PostgreSQL hot standby promotion, multiple hot standbys

failoverpostgresqlreplication

I'm trying to work out failover and disaster recovery procedures for a
cluster of three servers. Streaming replication is being used with a high
wal_keep_segments, no log shipping is happening. I need to avoid the
several hours it takes to rebuild a hot standby from scratch.

ServerA is the master.
ServerB is a streaming hot standby and prefered failover server.
ServerC is a streaming hot standby.

For a planned failover, maintenance on ServerA:

  1. Shutdown ServerB & ServerC
  2. Shutdown ServerA
  3. Copy pg_xlog from ServerA to ServerB and ServerC
  4. Reconfigure ServerB as master, start it up.
  5. Reconfigure ServerC as streaming hot standby of ServerB. Start it.
  6. After maintenance, reconfigure ServerA as streaming hot standby of
    ServerB. Start it.

For an unplanned failover, ServerA has exploded:

  1. Run 'SELECT pg_last_xlog_receive_location()' on ServerB and ServerC, determining which is most up to date.
  2. Shutdown ServerB and ServerC
  3. If ServerC is more up to date, copy pg_xlog from ServerC to ServerB.
  4. Reconfigure ServerB as master, start it up.
  5. Reconfigure ServerC as streaming hot standby of ServerB, start it up.
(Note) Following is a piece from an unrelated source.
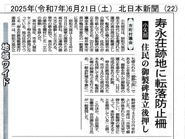 北日本新聞に関連記事が掲載されました。

Does this look correct to people?

Am I going to end up in trouble copying files into pg_xlog like this on a
busy system? With further reading, I suspect I need a recovery.conf on the new master with a restore_command pointing to an archive of the old master's WAL files (if available).

Is it overengineered? eg. will a master ensure everything is streamed to
connected hot standbys before a graceful shutdown?

Best Answer

I don't think copying pg_xlog after you've lost the master is going to allow you to make ServerB or ServerC the new master. If you might need to remaster, you really need to add log-shipping archives as well (this is a current limitation in Postgres, at least through 9.2).

Also, if the master has been shut down cleanly, you don't need to copy anything.